Oh goodness, I could never pick just ONE....

For local reasons: “Christmas in the Northwest” by Brenda Kutz White. and “Evergreen Christmas” by Loni Rose.

To Dance to: “All I want For Christmas is You”, Mariah Carey

For the sheer beauty of the arrangements: “Traditions of Christmas” and “Stille Nacht (Silent Night)”, Mannheim Steamroller.

However, if I could pick one, I’d have to do it for personal reasons, and I’ll have to tell a story....

On December 24th, 1906, in small shack near Brant Rock, Massachusetts, Canadian-born Professor Reginald Fessenden was preparing to run his experiment as night fell across the eastern seaboard of the US.

Out at sea, an unknown number of ships were cruising throught the night upon the North Atlantic. Freighters, trawlers, fishing boats...and many of them with the new contraption called a ‘wireless’. Using Morse code, the invention of Gugliermo Marconi allowed ships and land to talk to each other in the dots and dashes of Morse.

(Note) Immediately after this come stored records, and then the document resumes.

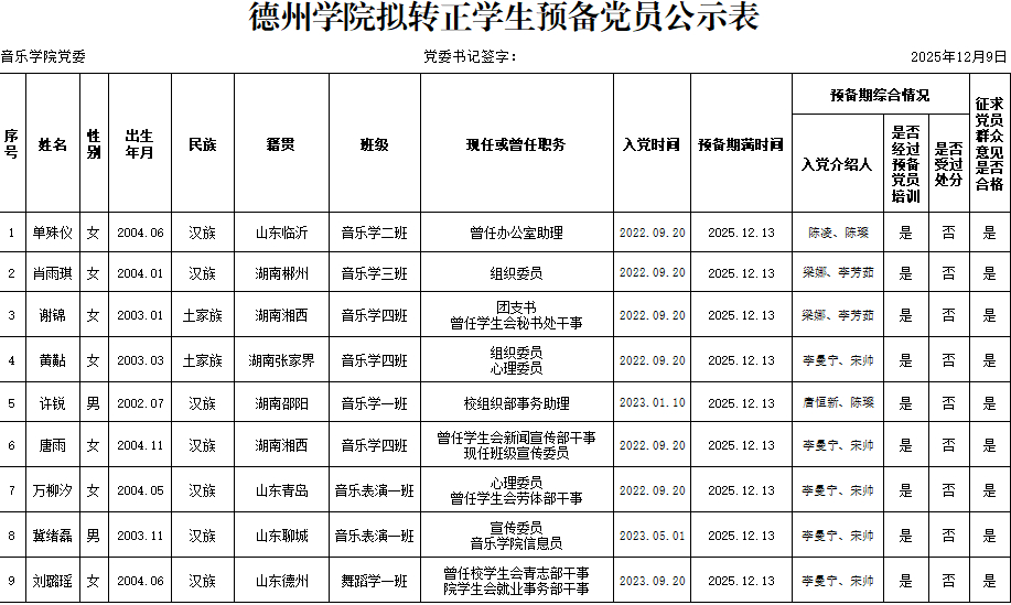 经党组织培养考察,征求党员、群众和入党介绍人意见,拟于近期讨论单殊仪等9名同志转为中共正式党员。为增强发展党员工作的透明度,接受党内外群众的监督,确保发展党员的质量,根据上级文件精神和《中共太阳集团委员会发展党员工作实施细则》的要求,现将拟讨论转正的中共预备党员基本情况公示如下(名单附后):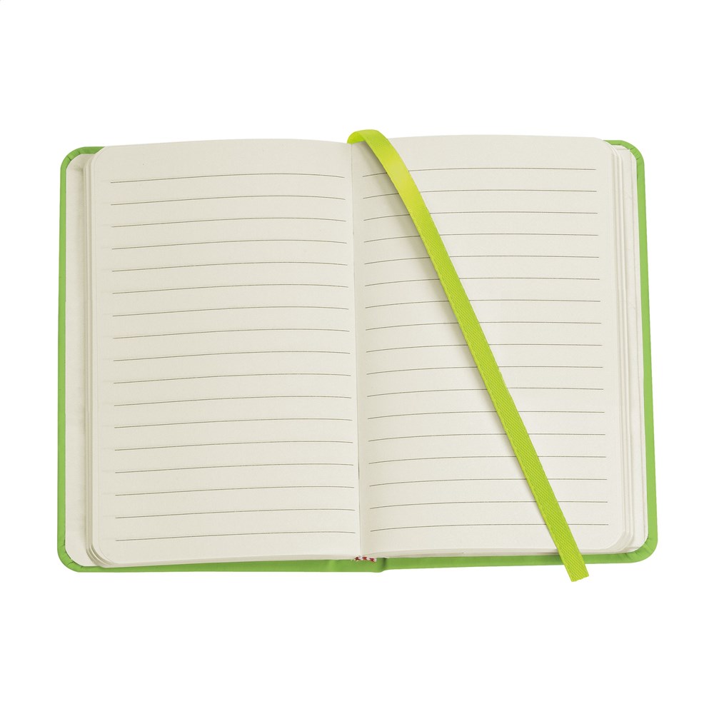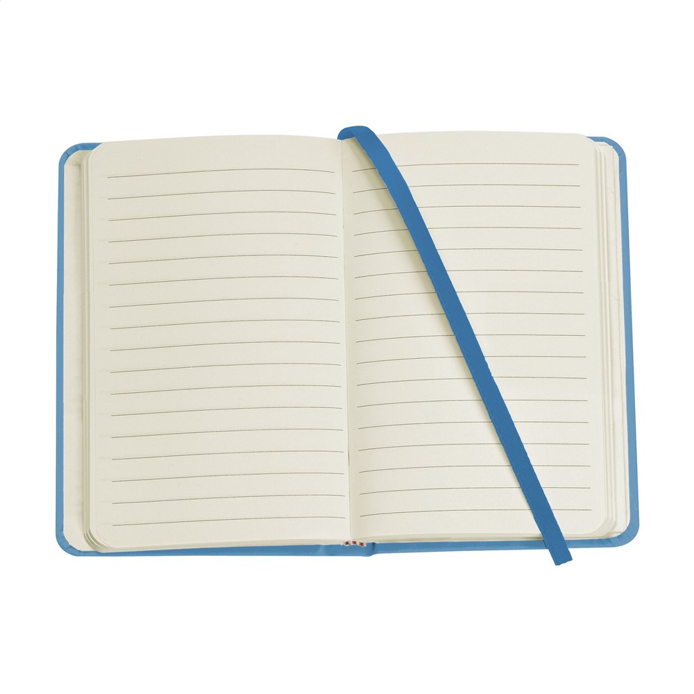 Compact notitieboekje in A6-formaat met ca. 96 vel crèmekleurig, gelinieerd papier (80 g/m²), opbergvak, gebonden rug en harde kaft.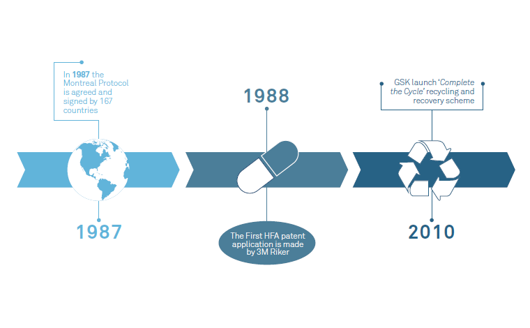 In 1987, the Montreal Protocol was agreed and signed by 167 countries, due to growing global concerns over the depleting ozone layer. The agreement was designed to protect the environment by phasing out the use of harmful substances, including chlorofluorocarbon (CFC) propellants which were widely used in pressurised inhalers at the time. This change had two important effects: it triggered development of alternative hydrofluorocarbon (HFA) based propellants and prompted more research effort into other device-reliant drug-delivery methods such as dry powder inhalers – which work without propellants, instead using patients’ respiratory effort to aerosolise the drug.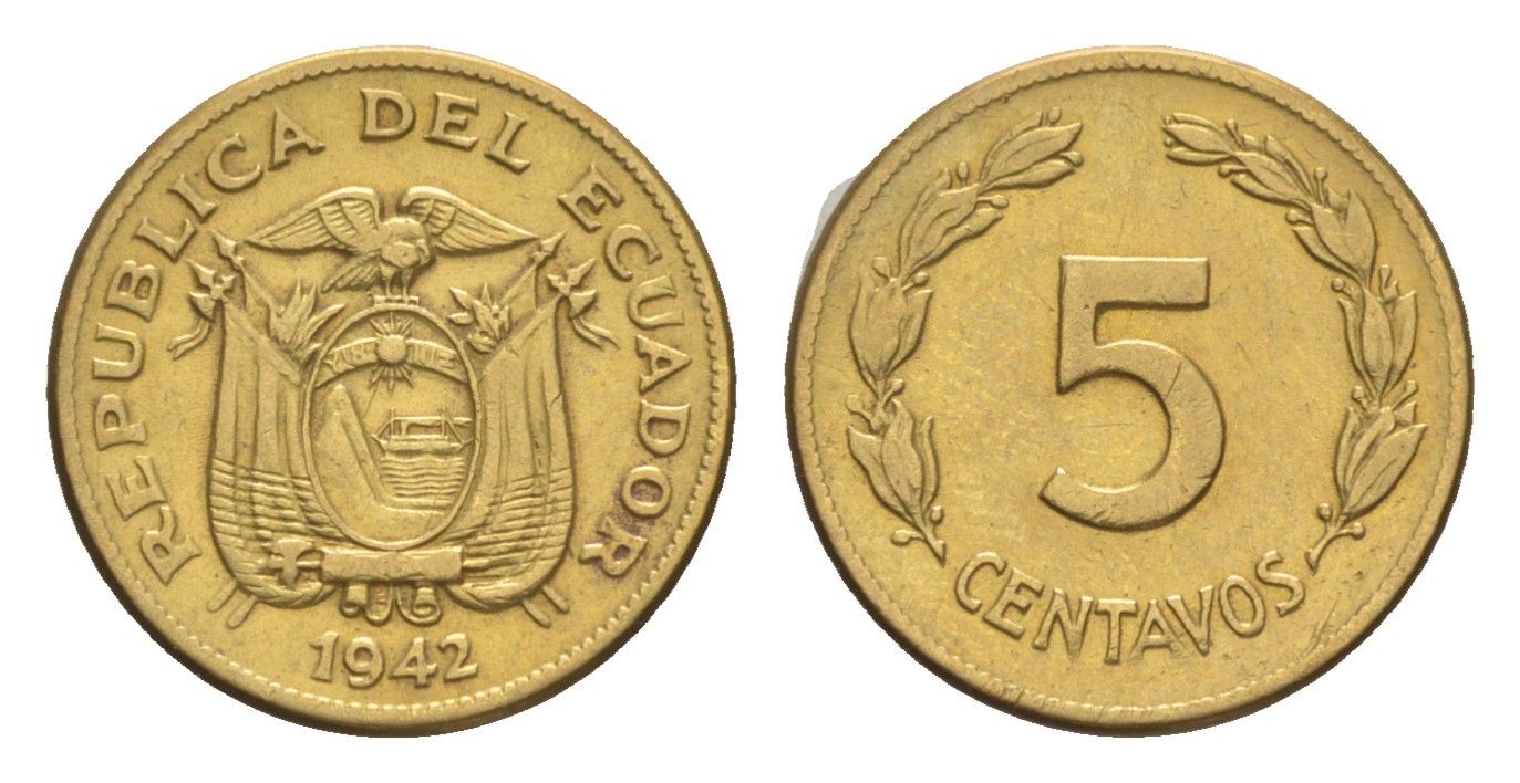 Эквадор 5 сентаво 1942 KM 75a латунь 1528-1344

You can imagine it...a young radioman, pulling watch on a frieghter on the North Atlantic, a day or so out of Boston. It’s late, and the ship’s cook has brought by a steaming mug of coffee to the young man to help him through his watch. He sips the mug, listening to the dots and dashes as news travels through the ether.

All of a sudden, he sits bolt upright, almost spilling his coffee. He can’t believe what he’s hearing....he frantically calls for the captain and whoever is within earshot. Within moments, the small radio room is crowded with men as the radioman explains excitedly what he’s hearing. The men in the room hush as they gather ‘round the radioman’s headphones, turned outward so they can all faintly hear...

A human voice.

Professor Fessenden, from his lab in Brant Rock, was making the world’s first broadcast of human voice and music. He gave a Christmas greeting, read the Bible passage of the Christmas story out of Luke, chapter 2, and then picked up his violin and played the very first song ever heard on radio...”O Holy Night”. (Betcha didn’t know that!)

He ended with a wish of a joyous New Year, and that was it. On December 26th, he repeated his broadcast.

Now, Prof. Fessenden didn’t get the credit he should’ve for this world-changing feat until the 1960’s, when someone doing some research on him came across the records of what he did that Christmas Eve so long ago. And, while Marconi got the credit for radio, the true credit goes to Fessenden for allowing mankind to talk over radio.

So this next Christmas Eve, if you hear ‘O Holy Night’ over your radio, think of the man who, 101 years ago this year, made it all possible.

(So you know, every Christmas Eve, I raise a glass to Reg Fessenden. I was a deejay for about 9 years at a radio station in eastern Washington state. And, as a deejay, I have to give credit where it was due. Technically...without him, I might not have had a job.)


447 posted on 12/13/2007 1:56:37 AM PST by hoagy62 (Happily watching the Left go full-goose bozo.)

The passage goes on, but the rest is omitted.